The former. The article indicates that while costs of office space have increased (doubled in rate really), when compared to the increase in costs from employee salaries, it's minuscule in comparison.
Thus, the vast majority of the increase in costs that it takes to run a startup is in employee salaries, rather than office space.
It isn't cost of office space people are pointing out though, but cost of residential space. At least 30%, and more commonly 50% in SV/SF, of your company's salary compensation goes out to residential shelter payments. That's the low-hanging fruit to address if you want to reduce employee salaries.

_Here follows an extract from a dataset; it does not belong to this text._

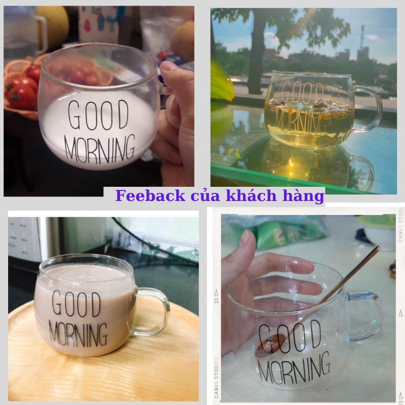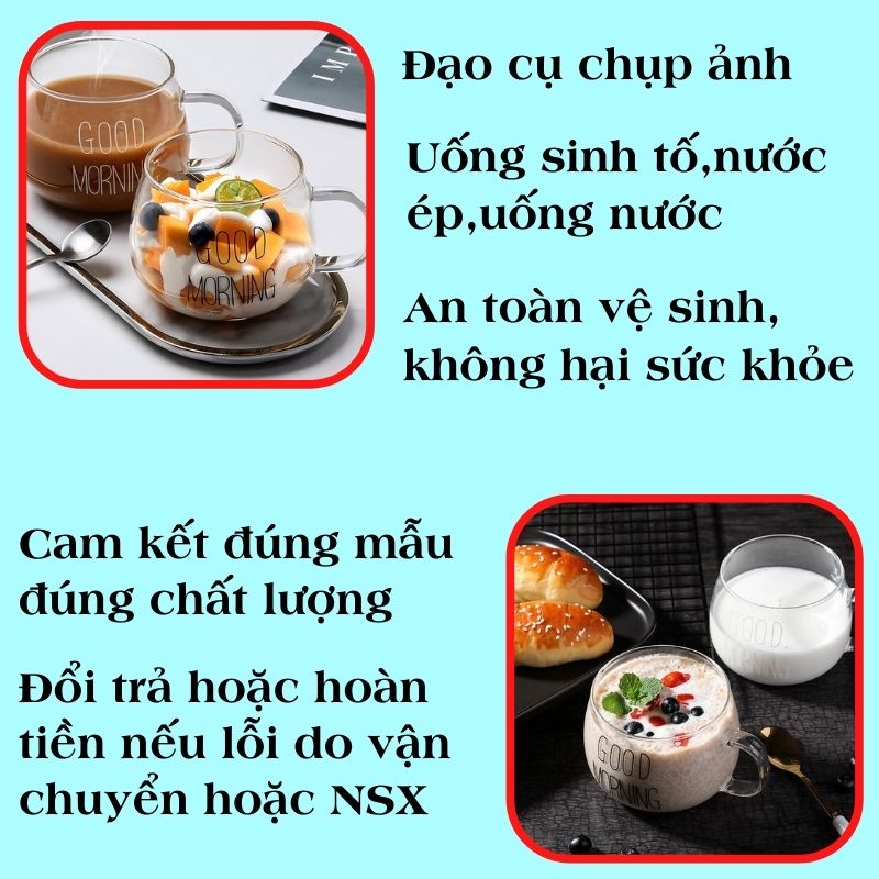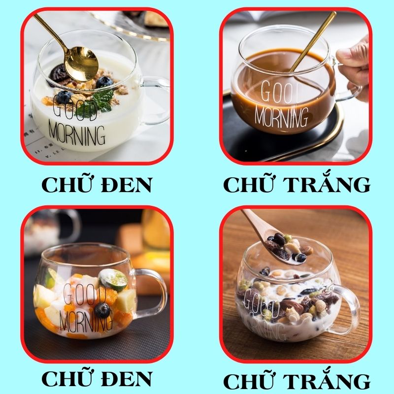 Ly thủy tinh dễ thương uống nước cute GOOD MORNING 350 ml Cốc thủy tinh chịu nhiệt có quai ABUSTORE H19* Đôi điều về shop:

Especially for a startup in like a stealth stage where the initial talent pool is already selected, and you don't really need all the touted soft benefits of the SV talent ecosystem when you are head-down in secretive development, it's advantageous to stay out of the high living expense metro areas. Living in flyover country during that period with the fully-communicated intent to the team that you will move to SV/high-COL-metro-area once you reach a specific level of financial success with specific commensurate salary adjustments for them, yields 15%+ salary cost savings from residential shelter cost differentials alone (plus other cost of living adjustments on top of that), and lets your initial employees plan ahead life events.
Now that startups are increasingly tapping the Millenial generation cohort for their talent, who statistically are already more indebted at their stage of life than previous generations, starting up in a very low cost of living area can be a bigger selling point for recruiting.
Thus, the vast majority of the increase in costs that it takes to run a startup is in employee salaries, rather than office space.